- **What is needed**
Transcribe only the part of the material below that begins at the line containing "- Alkadi, H.;" and ends at the line containing "핵심은 달러가 얼마나", with both kept and images left out.

- **Dataset extract**
════════

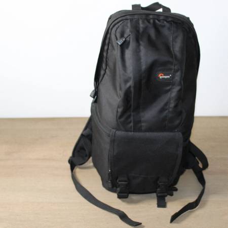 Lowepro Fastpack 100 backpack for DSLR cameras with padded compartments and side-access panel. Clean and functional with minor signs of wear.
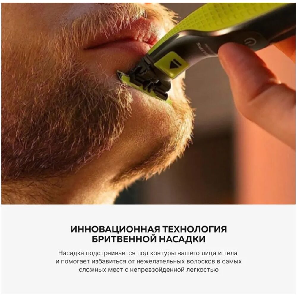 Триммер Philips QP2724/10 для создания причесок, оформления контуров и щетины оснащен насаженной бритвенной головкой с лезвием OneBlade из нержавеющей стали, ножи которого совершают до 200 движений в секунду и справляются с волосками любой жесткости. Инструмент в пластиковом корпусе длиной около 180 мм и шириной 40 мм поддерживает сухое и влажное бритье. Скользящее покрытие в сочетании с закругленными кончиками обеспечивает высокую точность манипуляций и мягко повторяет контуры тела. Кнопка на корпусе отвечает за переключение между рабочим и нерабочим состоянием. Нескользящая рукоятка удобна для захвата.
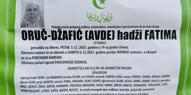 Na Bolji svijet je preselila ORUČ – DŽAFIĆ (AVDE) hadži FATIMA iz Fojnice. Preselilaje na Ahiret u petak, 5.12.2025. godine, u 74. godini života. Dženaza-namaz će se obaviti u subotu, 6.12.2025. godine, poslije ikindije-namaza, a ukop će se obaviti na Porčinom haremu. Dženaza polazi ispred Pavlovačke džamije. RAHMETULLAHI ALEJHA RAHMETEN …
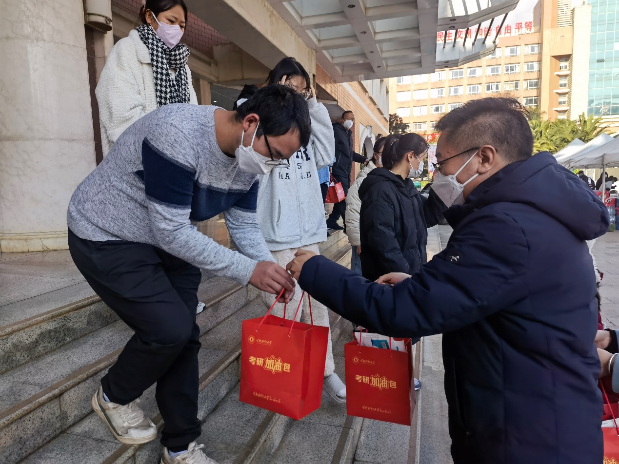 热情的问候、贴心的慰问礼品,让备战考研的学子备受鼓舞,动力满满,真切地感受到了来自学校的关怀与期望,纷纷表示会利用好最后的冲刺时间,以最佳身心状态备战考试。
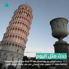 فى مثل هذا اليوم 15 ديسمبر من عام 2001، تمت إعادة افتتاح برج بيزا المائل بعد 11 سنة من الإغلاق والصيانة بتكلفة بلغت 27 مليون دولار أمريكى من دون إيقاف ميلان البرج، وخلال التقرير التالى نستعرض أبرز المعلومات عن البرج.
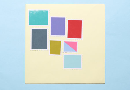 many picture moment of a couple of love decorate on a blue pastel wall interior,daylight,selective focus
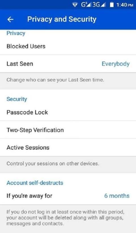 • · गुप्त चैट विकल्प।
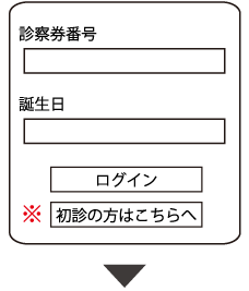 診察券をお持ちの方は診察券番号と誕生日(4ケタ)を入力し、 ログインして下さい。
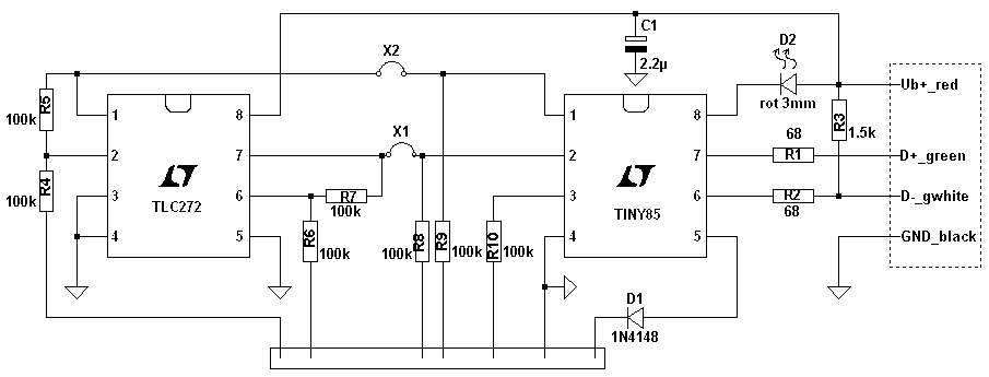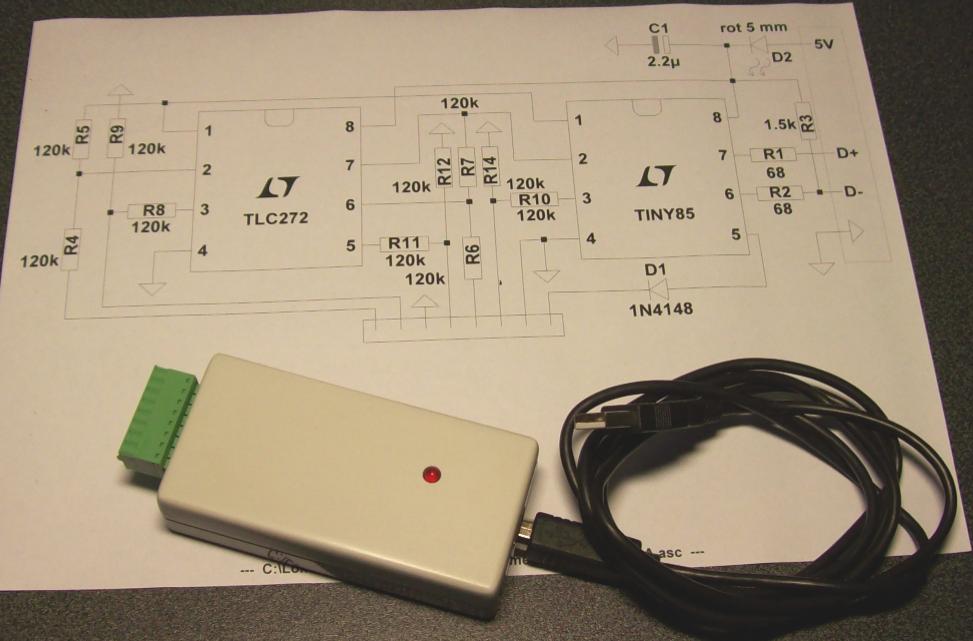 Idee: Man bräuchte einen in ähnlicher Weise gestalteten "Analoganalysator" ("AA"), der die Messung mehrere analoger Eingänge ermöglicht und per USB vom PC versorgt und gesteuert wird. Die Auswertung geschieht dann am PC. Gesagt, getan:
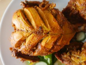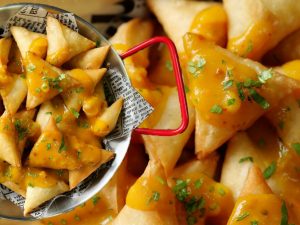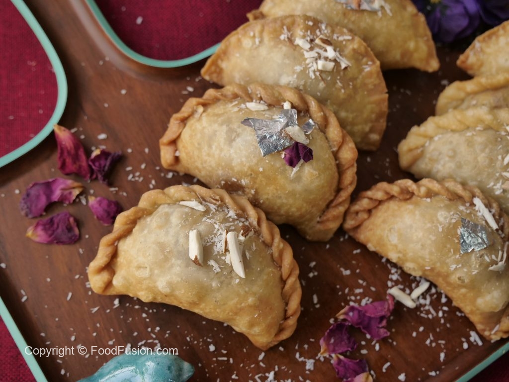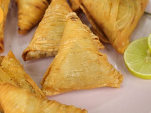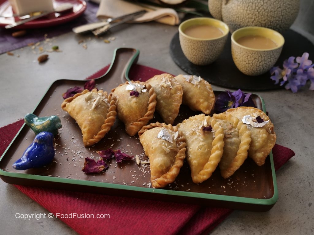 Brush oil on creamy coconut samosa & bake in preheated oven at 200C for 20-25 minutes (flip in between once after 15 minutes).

════════

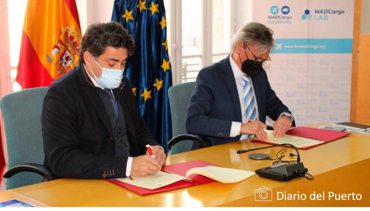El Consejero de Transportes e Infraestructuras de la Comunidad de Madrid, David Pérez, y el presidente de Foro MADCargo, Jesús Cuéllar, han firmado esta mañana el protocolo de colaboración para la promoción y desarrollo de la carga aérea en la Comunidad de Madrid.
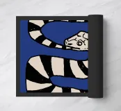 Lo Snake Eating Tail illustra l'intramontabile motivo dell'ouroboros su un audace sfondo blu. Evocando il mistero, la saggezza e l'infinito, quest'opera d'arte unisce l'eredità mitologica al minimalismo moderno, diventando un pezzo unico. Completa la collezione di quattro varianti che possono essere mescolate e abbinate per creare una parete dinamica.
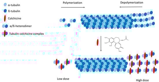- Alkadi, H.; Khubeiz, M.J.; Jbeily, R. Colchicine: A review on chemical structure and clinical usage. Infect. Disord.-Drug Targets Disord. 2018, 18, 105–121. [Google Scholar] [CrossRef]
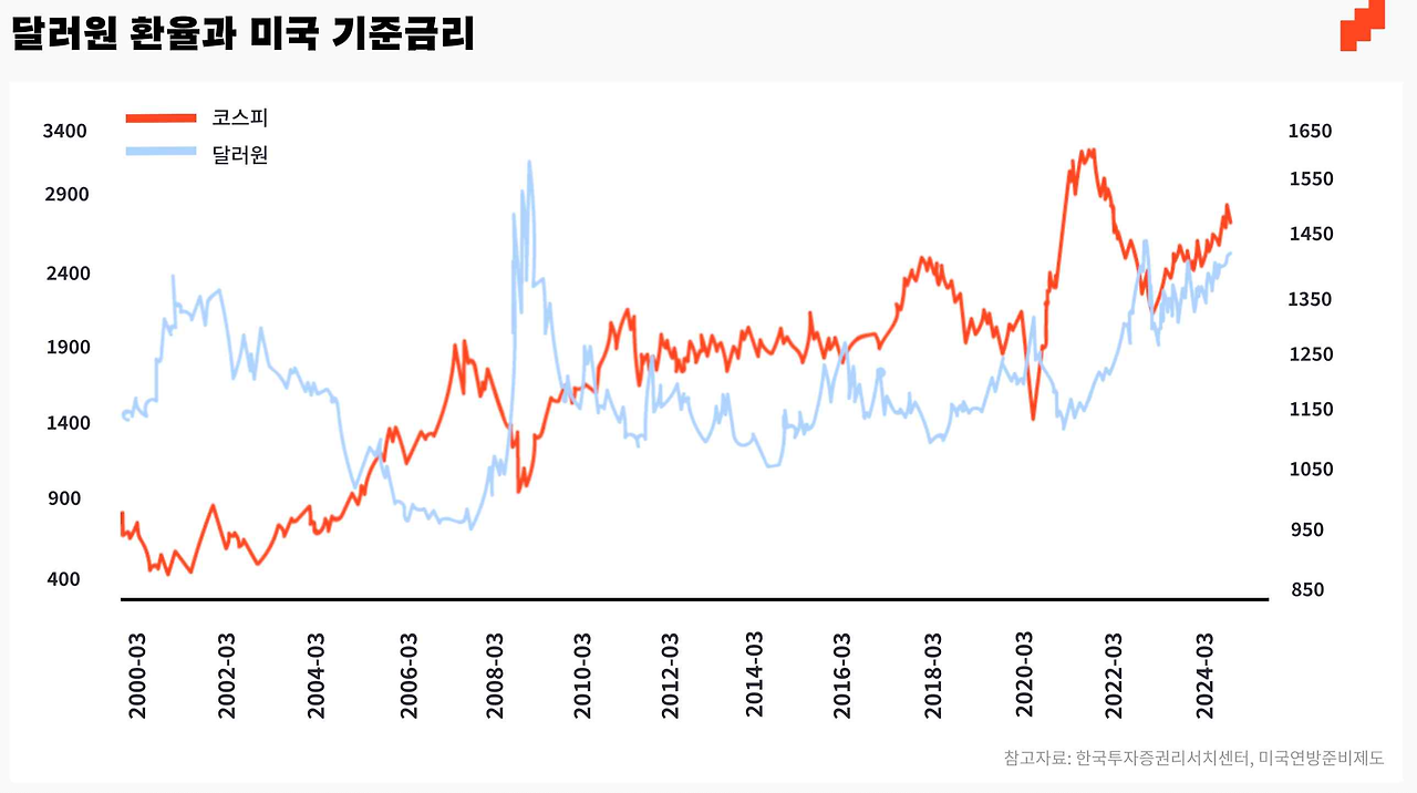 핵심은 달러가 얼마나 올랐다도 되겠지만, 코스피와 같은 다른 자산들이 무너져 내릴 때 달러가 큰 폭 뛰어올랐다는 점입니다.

════════

- **Task output**
- Alkadi, H.; Khubeiz, M.J.; Jbeily, R. Colchicine: A review on chemical structure and clinical usage. Infect. Disord.-Drug Targets Disord. 2018, 18, 105–121. [Google Scholar] [CrossRef]
 핵심은 달러가 얼마나 올랐다도 되겠지만, 코스피와 같은 다른 자산들이 무너져 내릴 때 달러가 큰 폭 뛰어올랐다는 점입니다.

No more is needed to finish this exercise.